I think it's perfectly reasonable to hate marketers but we can likely blame the designers for the broken links on the gawker sites. Just delete the #! from the url and it should take you to the article. This page explains why they broke their own links and why it was a stupid design.
posted by Occam's Aubergine at 7:27 PM on March 4, 2011


On a slightly more abstract level, those five-button electronic locks you see on cars? Twenty minutes maximum. Via the other good website.
posted by eritain at 7:34 PM on March 4, 2011 [1 favorite]


How to crack a Master Lock combination in 100 tries.

I found that over-designed and impossible to follow.
posted by Ratio at 8:48 PM on March 4, 2011


Meanwhile, reports of luggage handlers stealing all kinds of shit are all over the news. I love travelling by plane, don't you?

TSA inspection agents are in a perfect position to relieve you of small, high-value items. They're supposedly monitored by camera, but anything that can be vanished by prestidigitation is vulnerable. I know more than one person who found a TSA inspection notice in place of a valuable.

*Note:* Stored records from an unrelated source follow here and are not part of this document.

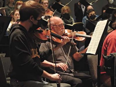 The orchestra is a “college-community hybrid,” Neves said: about half are Tech students, while the other half are Tech faculty, community members and music educators.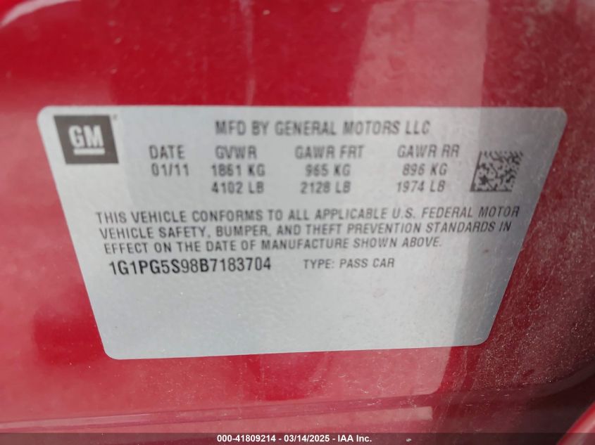 Color BurgundyCylinders 4Drive Front wheel driveVIN 1G1PG5S98B7******State Run & Drive VerifiedDamage InsignificantAuction date 2025-03-20 AutoRIA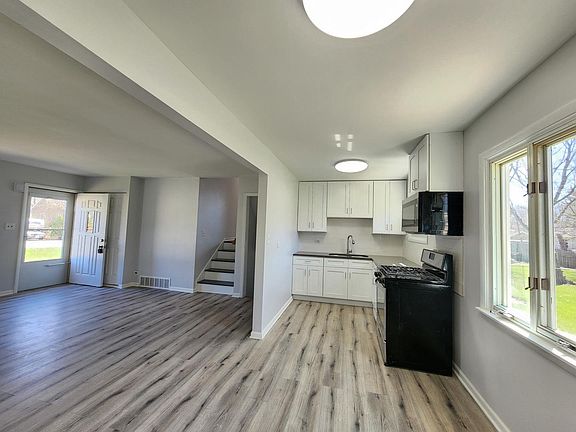 Step inside this remodeled 4 bedroom and 2 full bath home. The English basement features a full bathroom. The first and second floor are freshly painted with new wood laminate floors. Remodeled kitchen has new refrigerator, new stovetop, new dishwasher, new oven, new countertops and new cabinets. Both bathrooms are new, with new light fixtures. The sump pump is also new as is the laundry tub. The roof and siding are about 12 years old and some of the windows are newer. There is a huge fenced yard, and the home features a two car garage. Don't miss this one!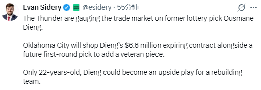 2025-12-31 06:20北京时间12月31日,据记者Evan Sidery报道,雷霆队正在为球队昔日的乐透秀奥斯曼-迪昂试水交易市场。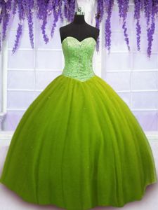 Olive Green Sleeveless Tulle Lace Up Quinceanera Gowns for Military Ball and Sweet 16 and Quinceanera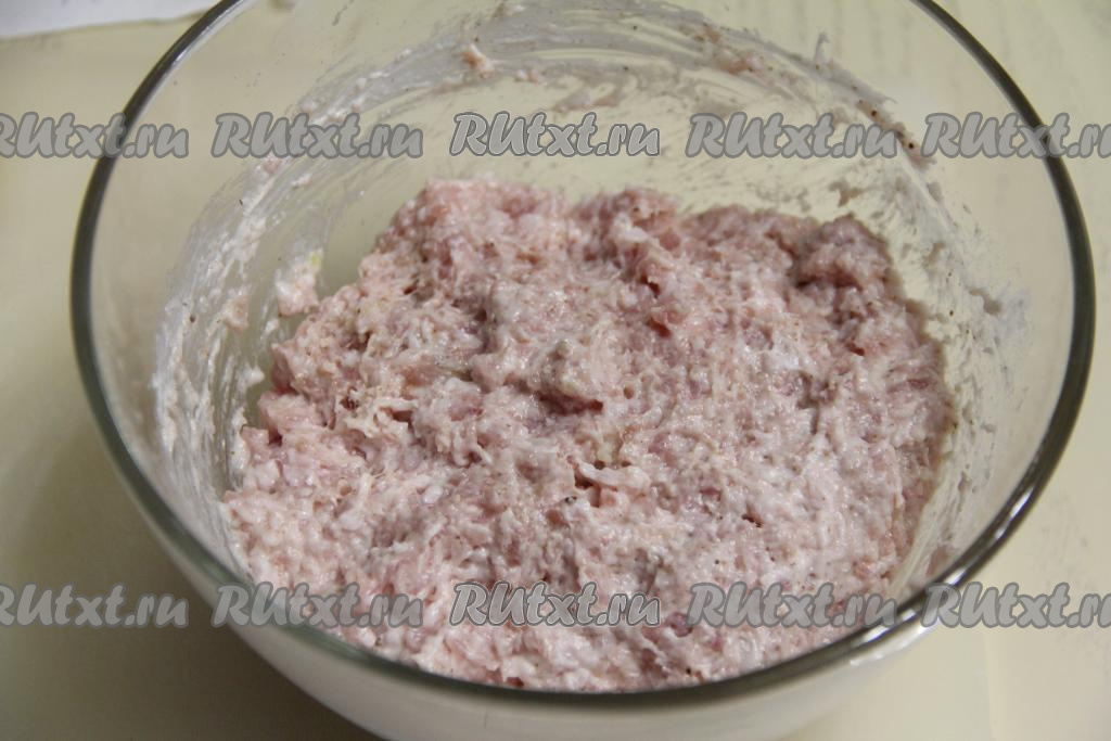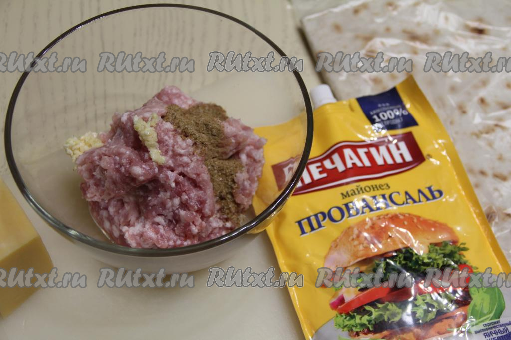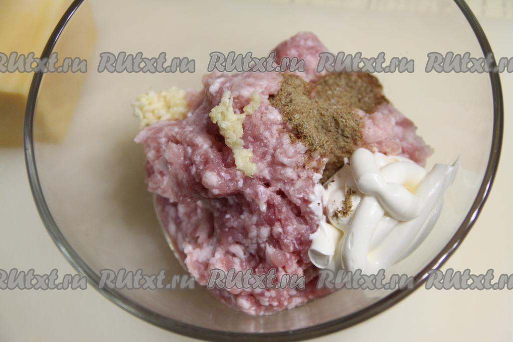 Хорошо перемешать фарш с майонезом и чесноком.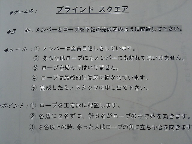 と言っても、アイマスクをしたメンバーをリーダー役の人が指示をして正方形を作る。というもの何ですがねww 目が見えないという不安をいかにして解消するのか?ということを知るためのゲームらしいです。そして不安にならないための答えは一方通行の会話をしないことだと分かりました。どういうことかというと一人が喋り続けるのではなく、お互いに意見交換をして会話をすることを心がけるということです。今回の場合リーダーが指示するだけではなく、アイマスクしている側も『今 自分がどういう状況にあるのか?』や『どのような役割をしているのか?』などということをリーダーに聞くべきだったのです。何だ感だ言っても

One of my family members had an overpriced LED flashlight lifted from her case during an inspection. She went through the claims process, which is a byzantine mess designed to obviate any responsibility on their part. She was only compensated after submitting the claim a third time after contacting a US senator she happens to be on a first name basis with.

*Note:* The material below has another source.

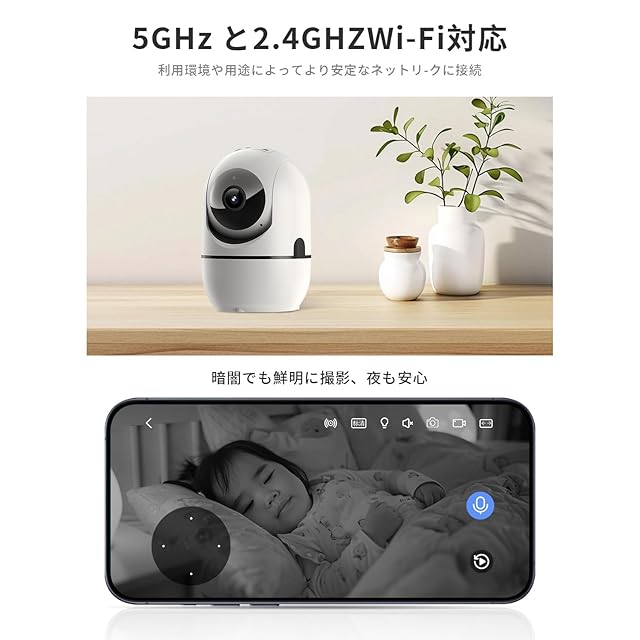 【5G/2.4GHzWiFi・赤外線暗視】ペットカメラは5G/2.4GHzデュアルWiFiで超高速・安定接続を実現します。6つの赤外線 LED ライトが搭載されている、夜になるとカメラは自動的に暗視モードに切り替わり、赤ちゃんの寝息や高齢者の動きをベビーカメラとしても確認でき、撮影可能距離は最大20mです。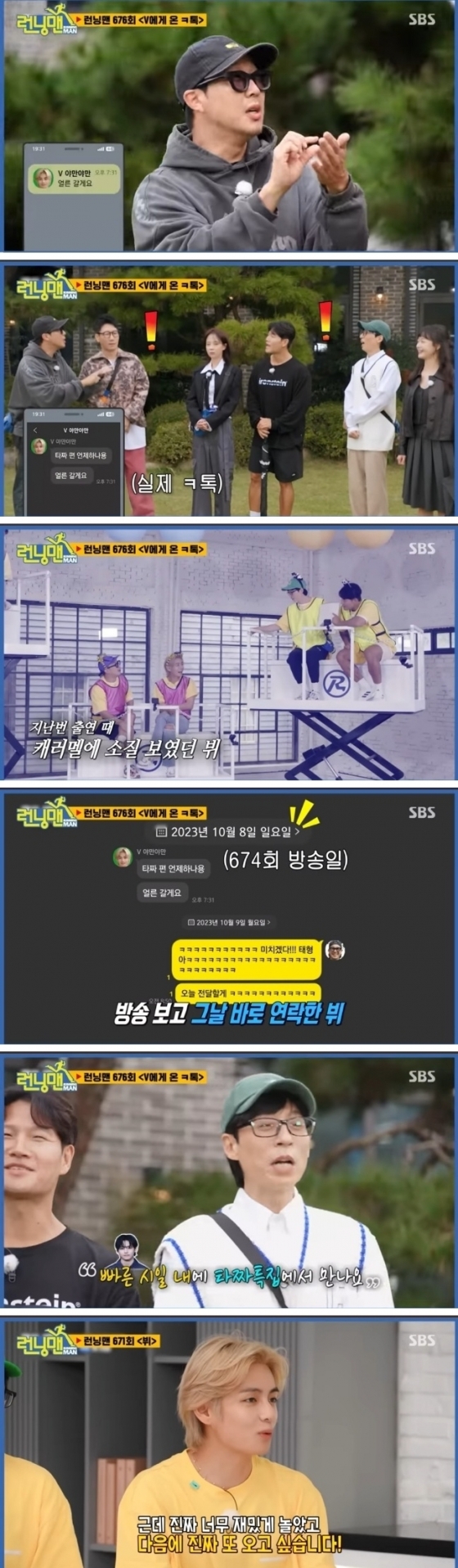 이어 유승호가 뷔에게 "아직도 '런닝맨' 최애 멤버가 하하 형님이시냐"고 묻자, 뷔는 "아니요. 전 지금 양세찬 형님으로 바뀌었다"라고 말했다. 그 이유로 "저희 팬미팅에 정말 크게 도움을 주셔서 정말 감사한 마음도 있지만, 세찬이 형님에 대한 존경심이 많이 커졌던 것 같다"고 밝혔다.

Anyone without that kind of clout can forget it. They can rob you, they can molest you, and they can detain you indefinitely. The TSA is as unaccountable as any petty bureaucracy you'd find in a fascist state or banana republic.
posted by clarknova at 10:42 PM on March 4, 2011 [1 favorite]


couple of feet of det-cord
heh, that is banging the box.

posted by clavdivs at 3:43 AM on March 5, 2011


"But AAA was there within 20 minutes with a slim jim. For free. We made the stage on time."

monospace - we once had a similar incident: Our bass player was supposed to meet us at a town 90 min east of the previous night's gig, where he had to stop and do something during the day. On his way out of town he stopped for a car wash. It was winter, and on the way out of the carwash he hit a little patch of ice and slid off the pavement. No problem, he thought, so he put the car in gear and got out to push it up the height of the pavement. Distressingly, the car thought he was still inside, and locked all the doors. What to do, with the car sitting there with the wheels turning on the ice.

So he calls CAA, and the guy comes out, fiddles with the slim jim for a while, and opens the door. Big relief! Now the bass player still has 90 minutes to make the gig. Except that the slim jim is stuck in the door, and the CAA guy won't let him drive away with it, because HE MIGHT USE IT TO BREAK INTO SOMEONE'S CAR. Eventually the guy saw the light and buddy showed up at the gig with the slim jim duct-taped to his window. Only 30 minutes late, and the people didn't seem to mind.

Weirdly, when we got stopped by the cops on our way to the hotel after the gig, they didn't say anything about the slim jim, which was probably just as well.
posted by sneebler at 11:27 AM on March 5, 2011


"Hey, buddy! I locked my keys in my car. Can I please take your car apart and use the pieces to break into my car?"

It must be horrible to not have any friends.
posted by Threeway Handshake at 12:44 PM on March 5, 2011


I think my brother is still mad at me for unlocking his car 20 years ago. He had tried for hours with a bent hanger. I asked to try as I had never done it before. *click chunk* And it was done in one try.

Moral of the story? Ask your sister to help.